Genomic analysis of the biocontrol agent Lysobacter enzymogenes
Genomic analysis of the biocontrol agent Lysobacter enzymogenes. The genomic analysis of Lysobacter enzymogenes is a collaborative effort with Donald Kobayashi, Ph.D., from Rutgers University. This rapidly emerging bacterium is of major ecological and agricultural relevance. Known primarily as a prolific producer of enzymes and antibiotics, such as ß-lactams containing substituted side chains, macrocyclic lactams and macrocyclic peptide antibiotics, the species is gaining recognition for a number of novel features stemming from its ecological diversity, industrial applications, and most notably, unique biotic interactions. Lysobacter spp. genomes consist of relatively high G+C content typically ranging between the 65-72%. The group is regarded as a rich source for production of novel antibiotics. The feature of gliding motility alone has piqued the interest of many, since the role of gliding bacteria in soil ecology is poorly understood. In addition, while a number of different mechanisms have been proposed for gliding motility among a wide range of bacterial species, the genetic mechanism in Lysobacter remains unknown. Recent studies indicate L. enzymogenes is capable of establishing unique pathogenic interactions with a broad range of hosts that include lower plants and microbial eukaryotic hosts.
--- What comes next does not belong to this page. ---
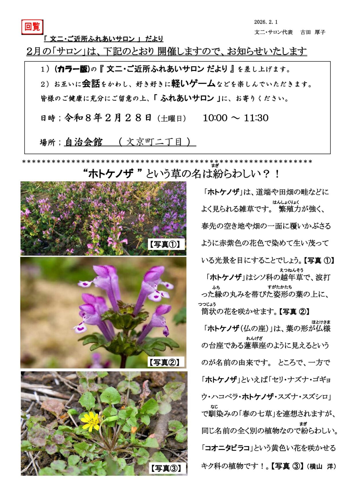 2026年2月 ふれあいサロンだより

This promiscuous behavior provides a unique opportunity to establish L. enzymogenes as a model organism for pathogenic interaction studies with lower organisms. Availability of the genome sequence of L. enzymogenes will provide insights into the general biology, parasitic lifestyle and biological control capacity of the organism. This project is funded under the U.S. Department of Agriculture Microbial Genome Sequencing Program (USDA-CRESS).